Брюллов
Шрифт:
Солнце быстро заходило. Золото, которое оно весь день щедро швыряло на землю, растеклось теперь на полнеба, по раскаленной позолоте медленно тянулись над городом черные разорванные облака. Лавки и кофейни на площади ярко осветились, толпа стала еще гуще, еще громче кричали разносчики и театральные зазывалы, громче звучали гитары и голоса поющих женщин. Александр и Карл, уже без сил, выбрались из суетливой человеческой круговерти, свернули на какую-то боковую улочку, шли, прижимаясь к сырой стене и боясь в темноте оступиться в воду, от которой поднимались удушливые испарения; добрались до старого палаццо, видно, давно заброшенного, с черными окнами, с крыльцом, выдававшимся до самой воды, сели на теплые еще ступени. Острыми черными полумесяцами скользили мимо гондолы. Настоящее напитывалось прошлым, радость — печалью, праздник — заботами, надежды — необъяснимой тревогой. В такие минуты человек замечает
Из Рима Карл написал отцу: «Папенька! Если хотите знать, где я с десяти часов утра по шесть часов вечера, посмотрите на эстамп Рима, который у нас висел: там увидите маленький купольчик св. Петра, первый дом на правую руку или по левую — это называется Ватикан…»
Каждое утро он торопливо шагает со своей папкой под колоннадой собора святого Петра, проходит мимо вооруженных пиками стражников-швейцарцев в полосатых желто-красно-синих костюмах XV века, по красивой лестнице взбегает к старой двери, уже источенной червями, и с замиранием сердца звонит в колокольчик. Молчаливая старуха, звякая ключами на большом проволочном кольце, отворяет ему, он с поклоном вступает в огромную переднюю, отсюда путь лежит в Сикстинскую капеллу.

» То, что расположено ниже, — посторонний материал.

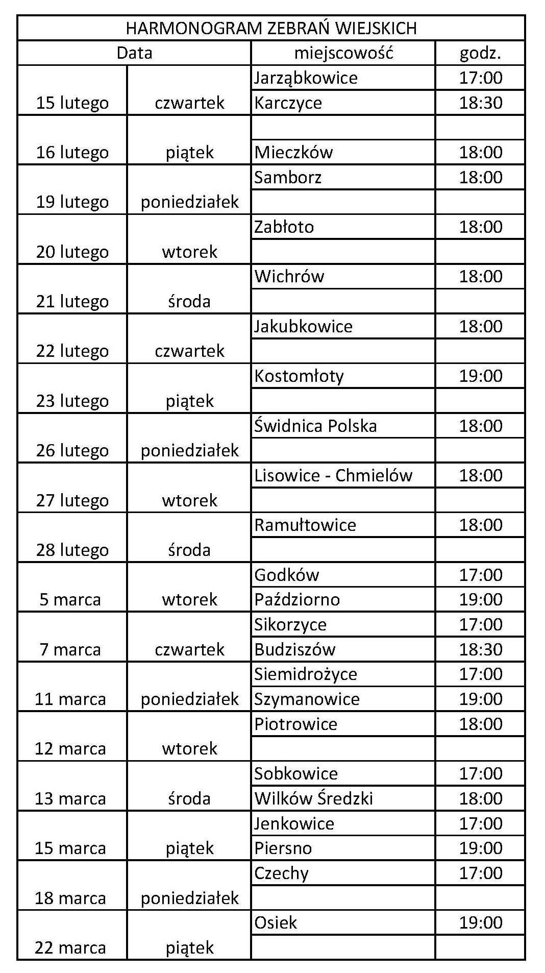 - Wójt Gminy Kostomłoty rozpoczyna zebrania wiejskie, na które zaprasza Mieszkańców poszczególnych miejscowości zgodnie z załączonym poniżej harmonogramem - informują urzędnicy Gminy Kostomłoty.

Он входит в зал и задирает голову: точно небесный свод, созданный могучей рукою самого творца, раскинулся над ним потолок, расписанный Микеланджело. Не опуская глаз, Карл медленно движется по залу, пересекает его вдоль и поперек, то застывает посередине, вглядываясь в какую-нибудь из девяти фресок, изображающих сотворение мира и человека, то держится ближе к стенам, рассматривая фигуры пророков и сивилл. Он поднимается на балкон, что тянется вдоль окон, отсюда до фресок совсем близко, но и здесь различие между плоским живописным изображением и объемностью скульптуры почти неразличимое — написанные красками могучие фигуры кажутся исполненными ваятелем. От напряжения у Карла идет носом кровь. Он прижимает к лицу платок, взглядывает с балкона вниз и едва не падает. Присаживается прямо на пол и думает о мастере, который за четыре года один написал все триста сорок три фигуры на громадном, как небо, потолке. Он вспоминает небольшую гравюру с этого потолка, которую с лупой в руках копировал по приказу отца, вспоминает отцовский подзатыльник, и ворчливое «фофан!», и крепкий, чуть приплюснутый на конце палец, раздраженно тычущий в неточно проведенный с соринку штришок, — его разбирает смех: сколь часто заставляли его впиваться сквозь увеличительное стекло в то, что огромно, как мир, на что надо смотреть, задирая голову и оглядываясь, потому что рядом с этим миром ты сам соринка, штришок…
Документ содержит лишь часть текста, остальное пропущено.